PROBLEM ->
Leaving out each picture, transcribe the lines of the listing below exactly from the first through the line that contains "The number cards".

RECORDED INFORMATION ->
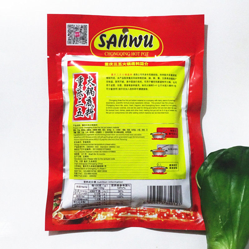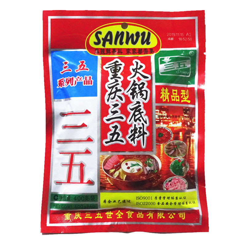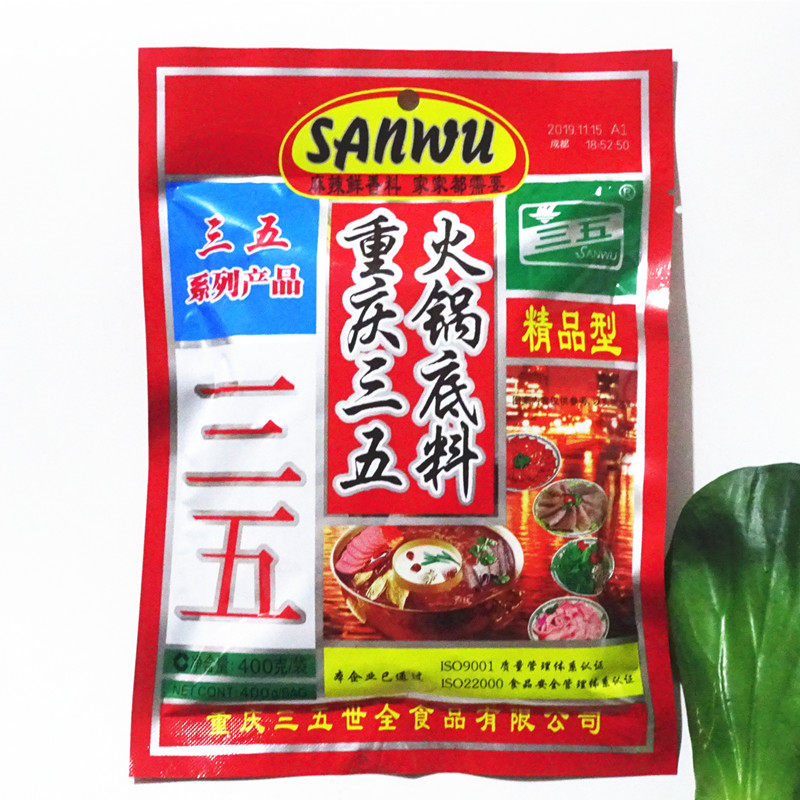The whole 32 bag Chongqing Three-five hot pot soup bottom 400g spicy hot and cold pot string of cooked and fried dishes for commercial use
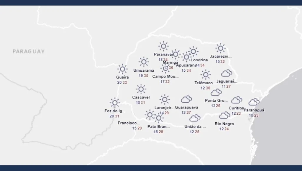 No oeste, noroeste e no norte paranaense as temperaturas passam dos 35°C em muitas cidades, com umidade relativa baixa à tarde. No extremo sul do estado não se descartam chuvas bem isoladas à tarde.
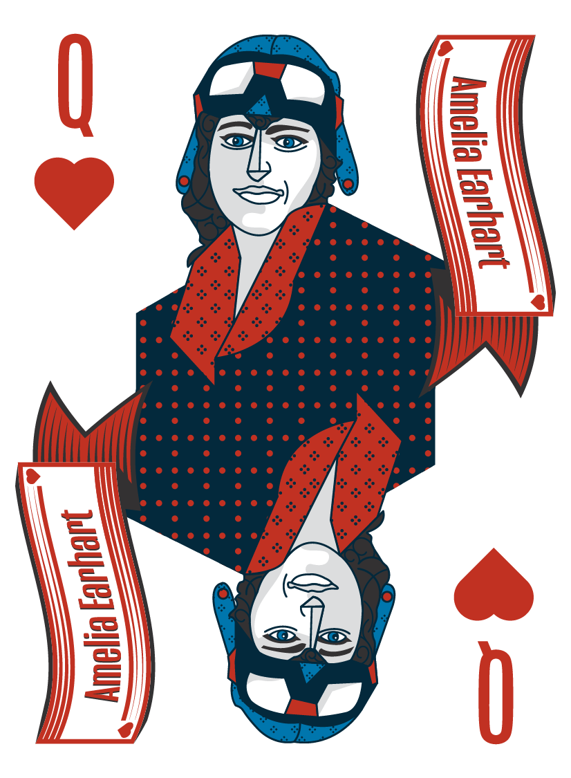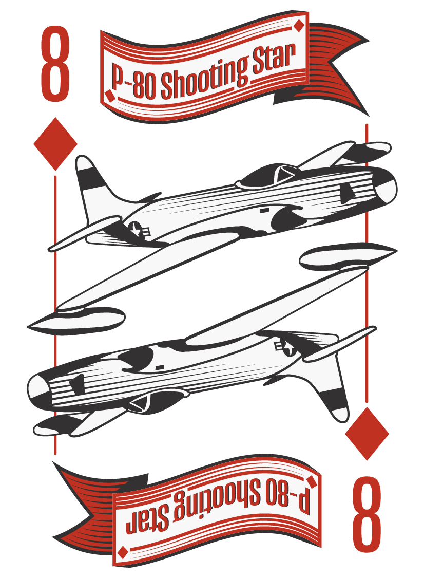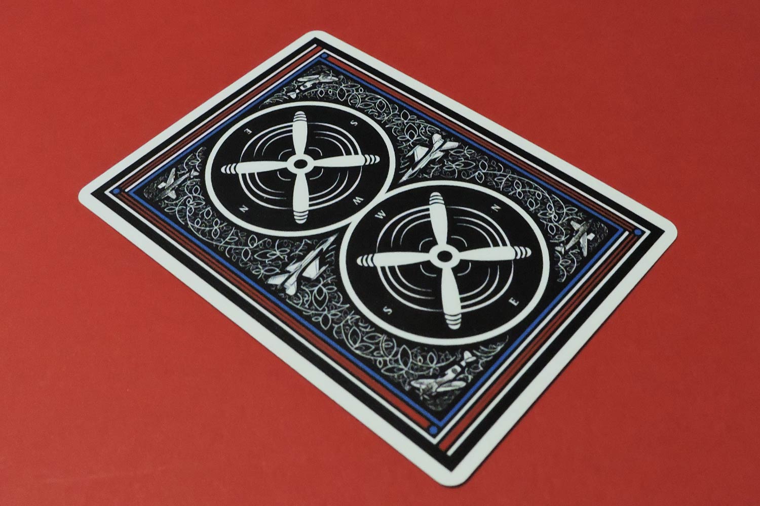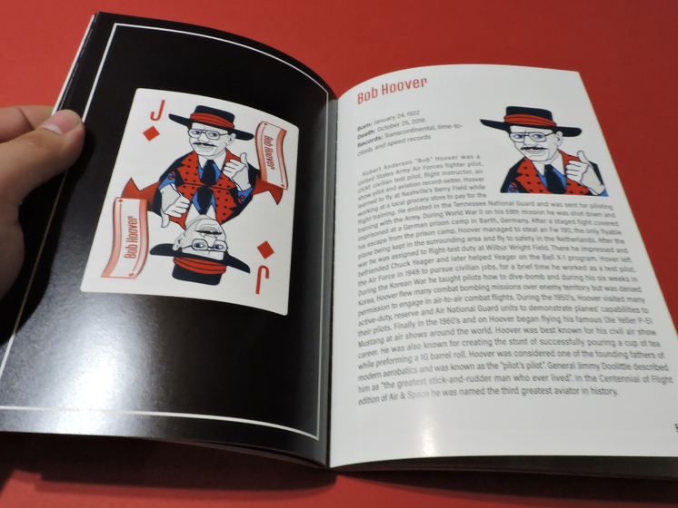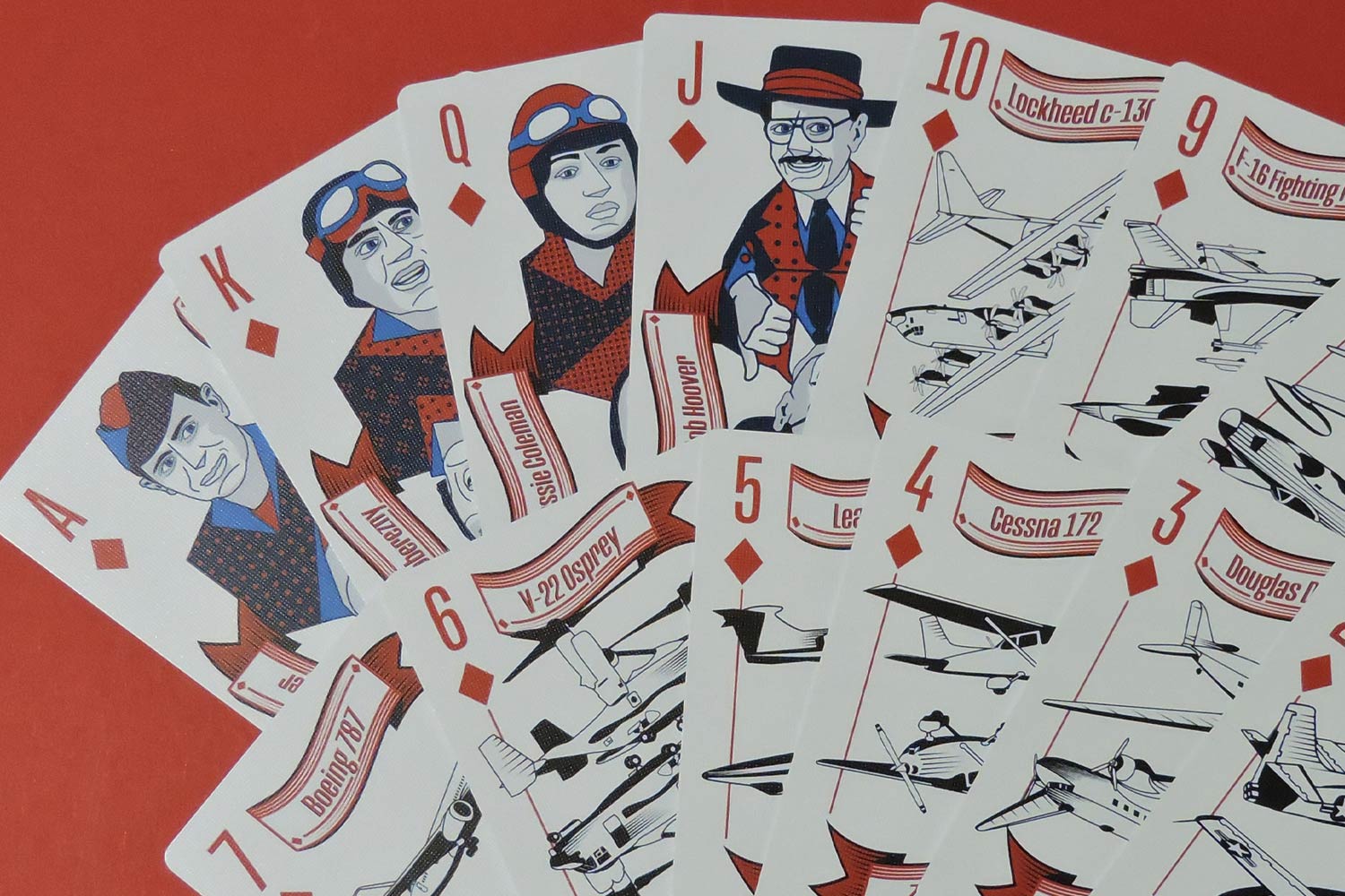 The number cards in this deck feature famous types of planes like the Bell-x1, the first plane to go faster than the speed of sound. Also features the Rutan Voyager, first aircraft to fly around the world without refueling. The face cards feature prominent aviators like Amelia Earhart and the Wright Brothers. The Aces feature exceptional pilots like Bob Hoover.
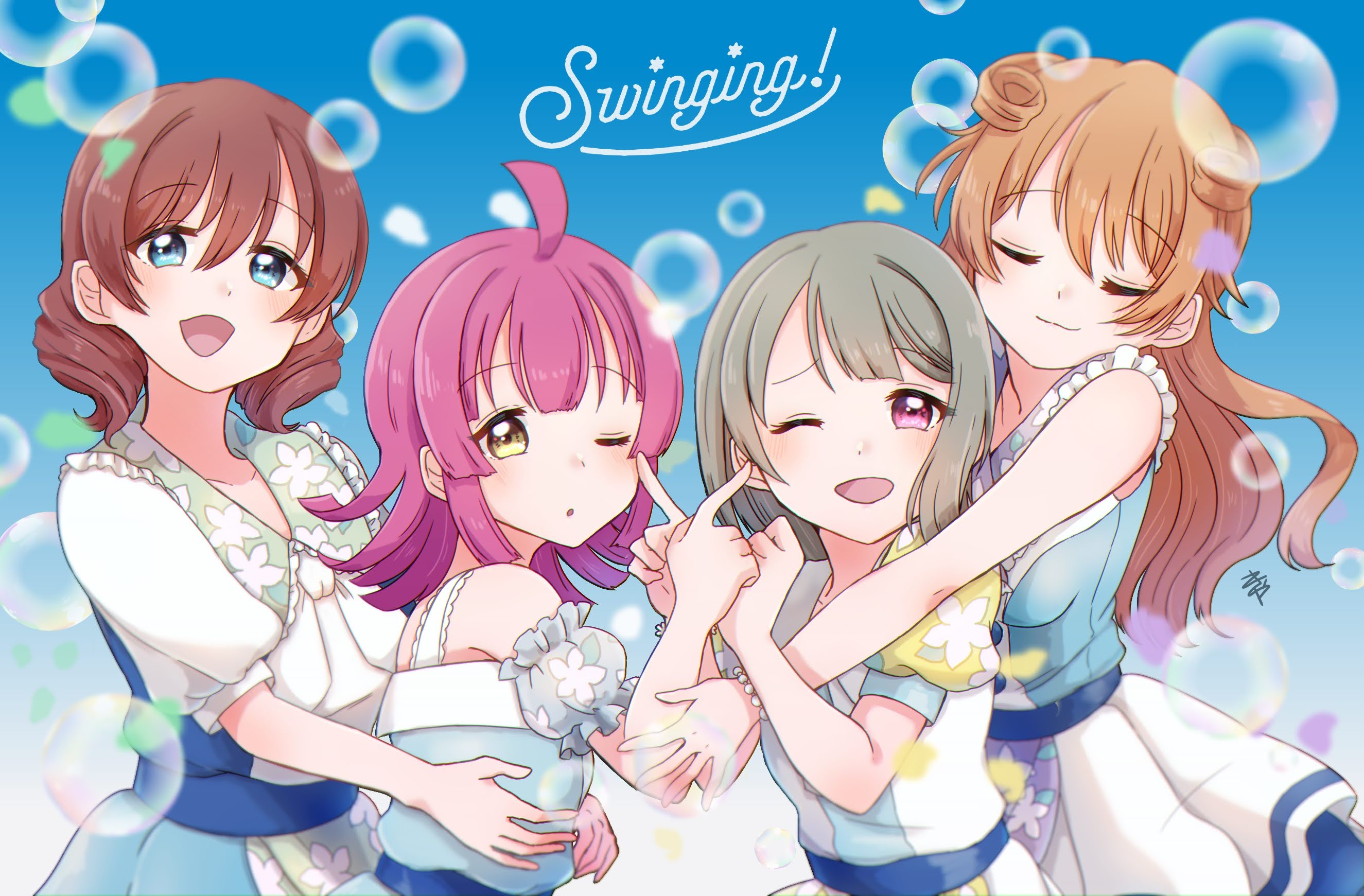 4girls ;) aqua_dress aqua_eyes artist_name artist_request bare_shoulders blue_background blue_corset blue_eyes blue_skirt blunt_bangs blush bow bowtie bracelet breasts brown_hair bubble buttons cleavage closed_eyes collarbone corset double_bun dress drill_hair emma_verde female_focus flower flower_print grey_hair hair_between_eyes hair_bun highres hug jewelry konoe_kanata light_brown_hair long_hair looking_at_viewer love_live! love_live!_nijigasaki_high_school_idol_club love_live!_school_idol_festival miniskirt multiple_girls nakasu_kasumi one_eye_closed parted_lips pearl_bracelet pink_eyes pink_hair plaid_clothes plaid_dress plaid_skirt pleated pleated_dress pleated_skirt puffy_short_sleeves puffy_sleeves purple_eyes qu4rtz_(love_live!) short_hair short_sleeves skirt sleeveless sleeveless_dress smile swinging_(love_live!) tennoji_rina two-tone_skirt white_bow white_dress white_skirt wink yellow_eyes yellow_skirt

RESULT BELOW ->
The whole 32 bag Chongqing Three-five hot pot soup bottom 400g spicy hot and cold pot string of cooked and fried dishes for commercial use
 No oeste, noroeste e no norte paranaense as temperaturas passam dos 35°C em muitas cidades, com umidade relativa baixa à tarde. No extremo sul do estado não se descartam chuvas bem isoladas à tarde.
 The number cards in this deck feature famous types of planes like the Bell-x1, the first plane to go faster than the speed of sound. Also features the Rutan Voyager, first aircraft to fly around the world without refueling. The face cards feature prominent aviators like Amelia Earhart and the Wright Brothers. The Aces feature exceptional pilots like Bob Hoover.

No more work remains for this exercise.